I made love on the sly to a young medical student when I was nineteen and in college. It was all that I dreamed of. God, it was bliss. It was like going to heaven or how I imagined going to heaven would feel. It was passionate and crazed, and I learned that my young body could bend and turn in ways I never thought possible. We made love in the wildest of places: closets, empty classrooms, in a park near campus late at night, and once in one of the medical school’s laboratories with cadavers in the refrigerated room next door. I laughed later, thinking it was a kind of anatomy class for him, and wondered how in the world I didn’t get pregnant. But he was near the end of his formal studies and went back to New York to fulfill his residency. He did not ask me to marry him, and I did not presume that I could ask him. I was supposed to wait to be asked. I was supposed to be a good girl—unassuming and sweet, just like my name.
My father died just before I met John. A burst blood vessel, the doctor said, or more accurately now, a cerebral hemorrhage. He was found slumped over his large banker’s desk with blood coming out of his nose and mouth. I imagined my father looking at accounts and concentrating on balances when that small explosion in his brain suddenly made the world go dark for him, and then nothing. I cried for so long that my mother couldn’t stand it anymore and yelled at me. Then I grieved silently. I think there were women privately crying all over Milwaukee. That was an odd comfort to me. Whatever my father’s sins may have been, seeking love was not one of them. If my mother would not mourn him, then his daughter and all his lovers would.
I was so vulnerable when I met John. He promised to renew my dreams and ambitions, and I believed him.
The funny thing is, John wanted the dream of a farm, but it didn’t want him. He never caught on to the basic idea of living a rural life: that it took patience. He expected instant success and when it didn’t happen, when the boys and I couldn’t provide it, his disappointment came crashing down on us. It enraged him, I th
ink, that I provided all our vegetables from the garden, eggs and chickens from our coop, and that I excelled at those things. And that Jimmy, not he, provided so much fish and meat for our freezer.

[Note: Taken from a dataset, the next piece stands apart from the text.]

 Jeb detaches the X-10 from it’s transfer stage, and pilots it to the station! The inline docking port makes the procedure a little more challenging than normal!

I realized I hadn’t really fallen in love with John. What I had fallen in love with was a uniform, for what I thought it stood for: someone to protect me, someone with respect and honor, and someone who was brave and who respected freedom. My freedom. I stumbled for years, thinking that he had to know he was hurting me and hurting our sons. I had been taught to believe that every person has an inherent sense of remorse or a conscience. But in time I found out that one-dimensional people can often act three-dimensional when they are in pursuit of something. When they get what they want, they settle back down into their shallow personalities and do ugly and shallow things.

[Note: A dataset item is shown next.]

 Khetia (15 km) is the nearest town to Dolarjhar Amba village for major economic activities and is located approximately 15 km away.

After that our life together began its slow descent except for the two times I gave birth. My mother refused to hear of my unhappiness just as she refused to acknowledge her own. She was as clichéd in her statements as any staunch Catholic mother of her time could be.
“You were married in the church. You took a vow,” she said venomously, clearly happy that her daughter had done even worse than she had and would suffer the same fate of going without love. “There is no going back. Just make the best of it.”
My generation of women was never told what to do if the marriage went bad. We were the new generation, the progressive generation just after World War II. Marriages were not supposed to go bad for us.
We still had some feelings toward each other when Jimmy was conceived. But I’m not sure how Bill happened. A drunken roll over the top of my body one night when I was asleep? Bill was certainly not conceived in love, although I adored both my sons from the moment they were born, considering them the only worthwhile things that ever came out of my husband. I looked at my husband after Bill was born and realized that he was no longer handsome, no longer lovable in any way.